Sólo Joan Crawford me doblegó y le obsequié la suya. ¿Cómo iba a recibir dinero de una mujer con tales ojos?

Más tarde, alrededor de una larga mesa magníficamente adornada y presidida por los anfitriones vestidos de etiqueta, tomaban colocación el comandante Ward, la oficialidad del "Maipo" y algunos personajes importantes de la industria cinematográfica.

Haciendo uso de mis facultades de prestidigitador, hice pasar cuantos panes y otros comestibles pude a los faldones de mi frac. Era la contribución que les debía a mis niños y a Miss Catalina Jorquera. Llegué a casa con la apariencia de un "huaco" boliviano, fetiche que los indios del Altiplano emplean como símbolo de la abundancia, y que consiste en un muñeco cargado de alimentos.

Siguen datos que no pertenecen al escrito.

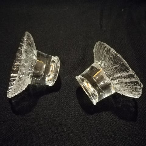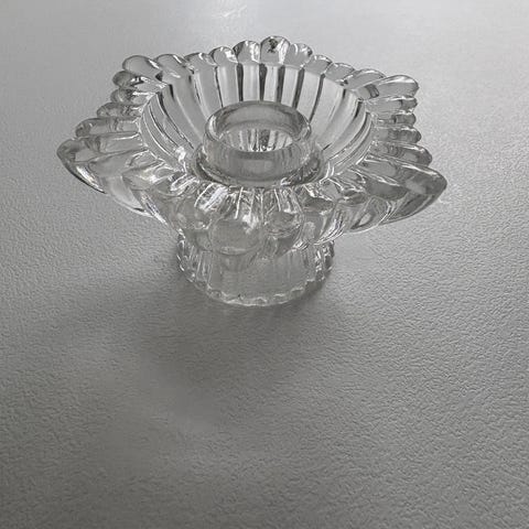 Riihimäen lasi Kehrä pieni lasinen kirkas kynttilänjalka ohuelle kynttilälle. Nanny Still suunnitellut Riihimäen lasille, leveys 6 cm, korkeus 3 cm. Hyväkuntoinen.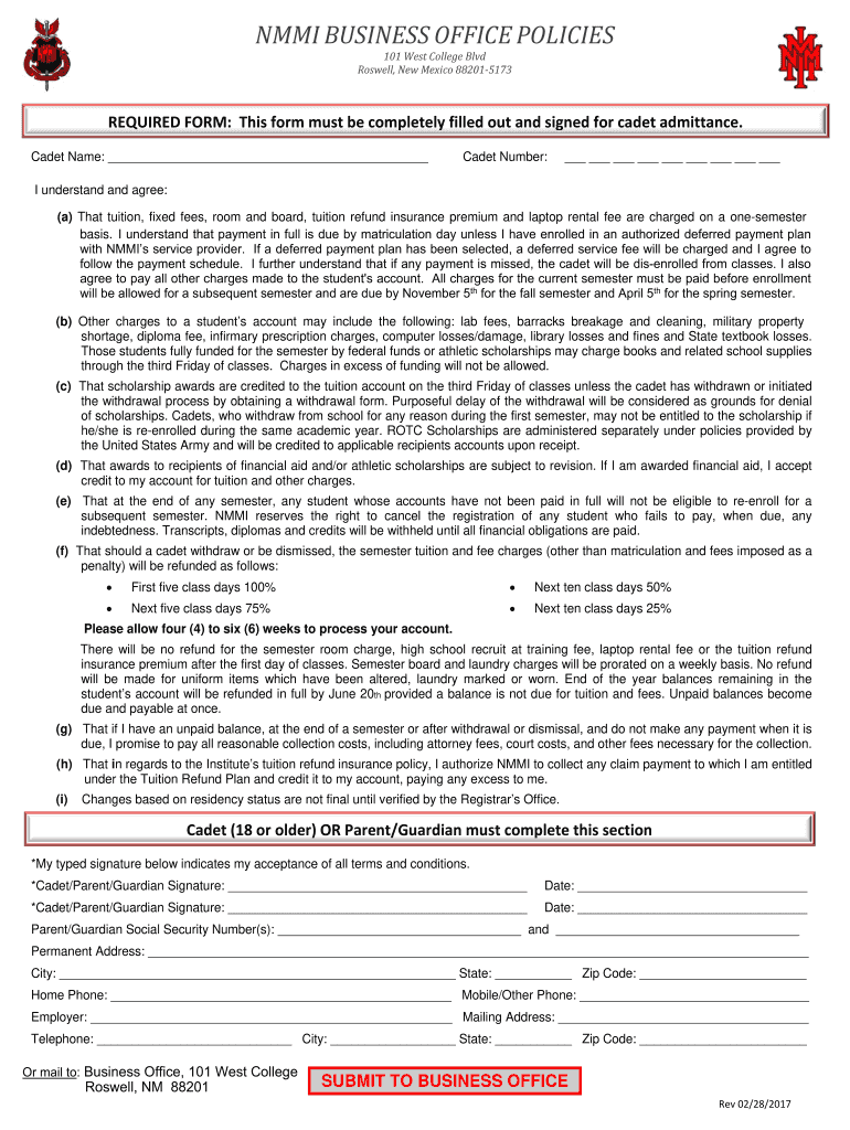 MMI BUSINESS OFFICE POLICIES101 West College Blvd Roswell, New Mexico 882015173REQUIREDFORM:Thisformmustbecompletelyfilledoutandsignedforcadetadmittance. Cadet Name: Cadet Number: I understand and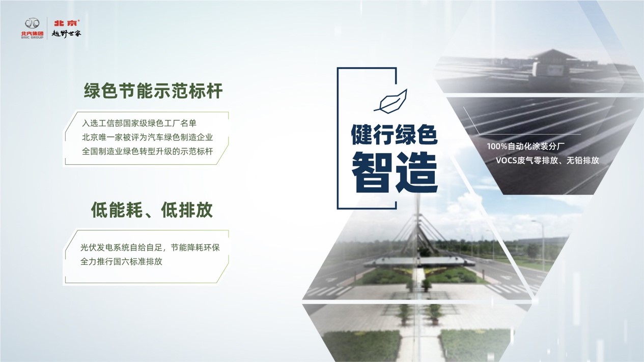 健行绿色智造。北汽越野车是北京市唯一一家汽车绿色制造企业,是全国唯一专注越野车生产的现代化制造基地,入选了工信部国家级绿色工厂名单。北京越野通过运用光伏发电系统,坚持低能耗、低排放发展,在节能降耗绿色环保、保障资源健康可持续的基础上,实现了动力能源的自给自足。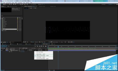 8、复制Black和matte两个预合成,打开matte 2,用Black 2 替换Black,Black 2双击打开,有个固态层,把羽化设为0,模式:Add。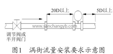 根據(jù)圖1渦街流量安裝要求示意圖及廠家的設備說明書要求,流量計上游的直管段長度至少為20D≈1 600mm,下游的直管段至少在5D≈400mm,D=80mm 為管道直徑。圖2為現(xiàn)場安裝圖,流量計上游僅為600mm <1 600mm,此流量計安裝位置有誤,對測量值有一定的影響,造成測量偏差,需調整流量計的安裝位置。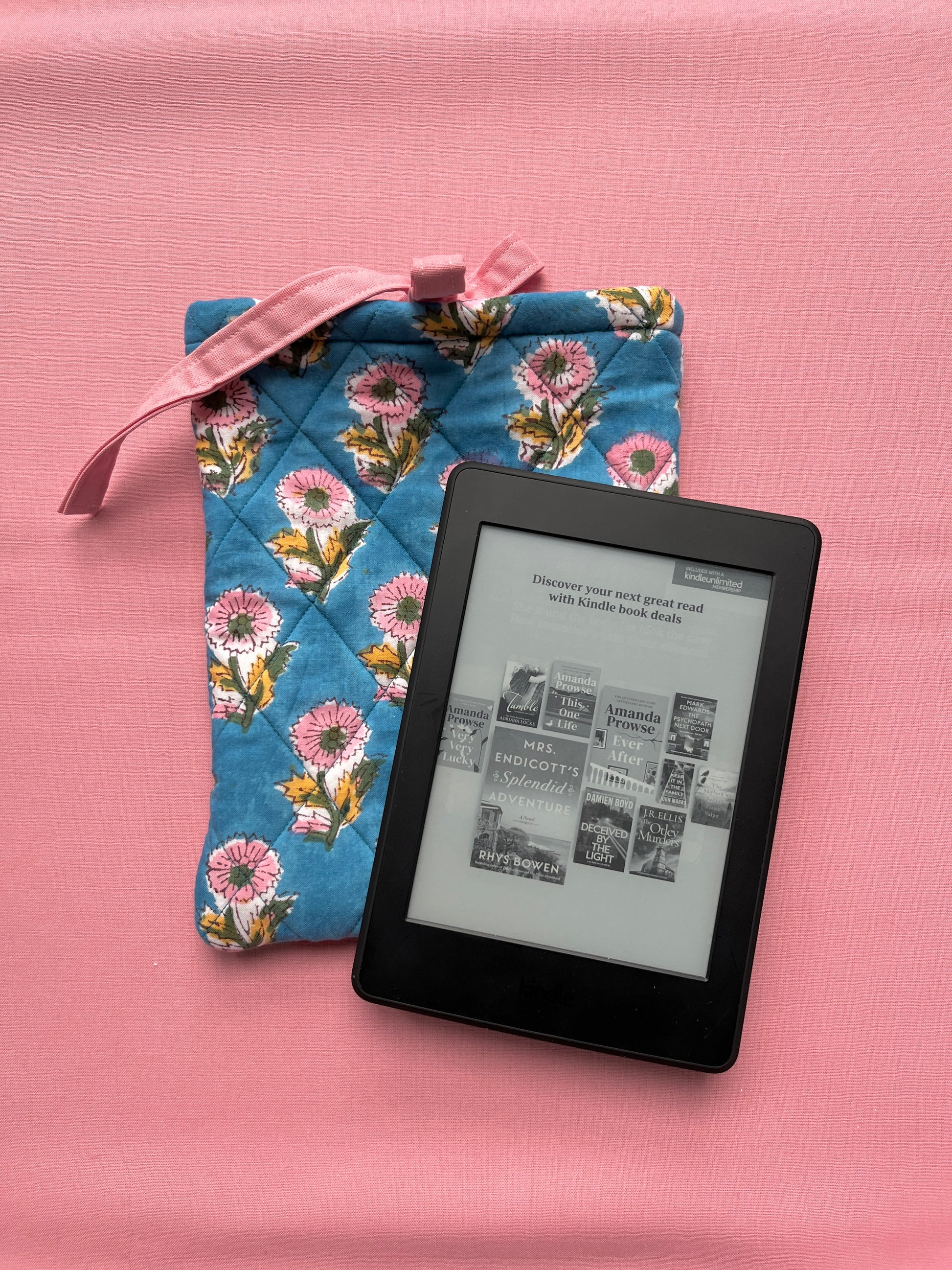 Handmade quilted kindle sleeve, made from a beautiful blue block print 100% cotton fabric. Lined with co-ordinating pink cotton fabric and matching tie closure.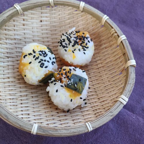 ⁑離乳食手づかみ⁑かぼちゃと卵の焼きおにぎり。

Y fue así como, para comer bien y en selecta compañía, me vi obligado a ofrecer un banquete; estratagema tragicómica digna de una escena del gran Chaplin.

Así anunció el "Examiner" la apertura de mi exposición el día que llegó el barco chileno.

El señor Polonsky, jefe de publicidad de Metro-Goldwyn-Mayer, simpatizó con nuestros marinos y los invitó a almorzar al estudio. Desgraciadamente, como estaban rodando "Un Amor en Cada Puerto ", el comedor estaba repleto de "extras" disfrazados de marinos. Cuando la tripulación del "Maipo" entró en el comedor, todos creyeron que se trataba de marinos de utilería y nadie reparó en ellos; y hasta es posible que el jefe de reparto se haya permitido encontrar a algunos fuera del tipo.

No perdía yo las esperanzas de que me llegara el giro de "La Nación", así es que continuaba yendo al banco. El cajero, de lejos, meneaba el dedo, como acostumbran hacerlo hoy los choferes de las "liebres" cuando no hay asiento, indicándome que nada había para mí.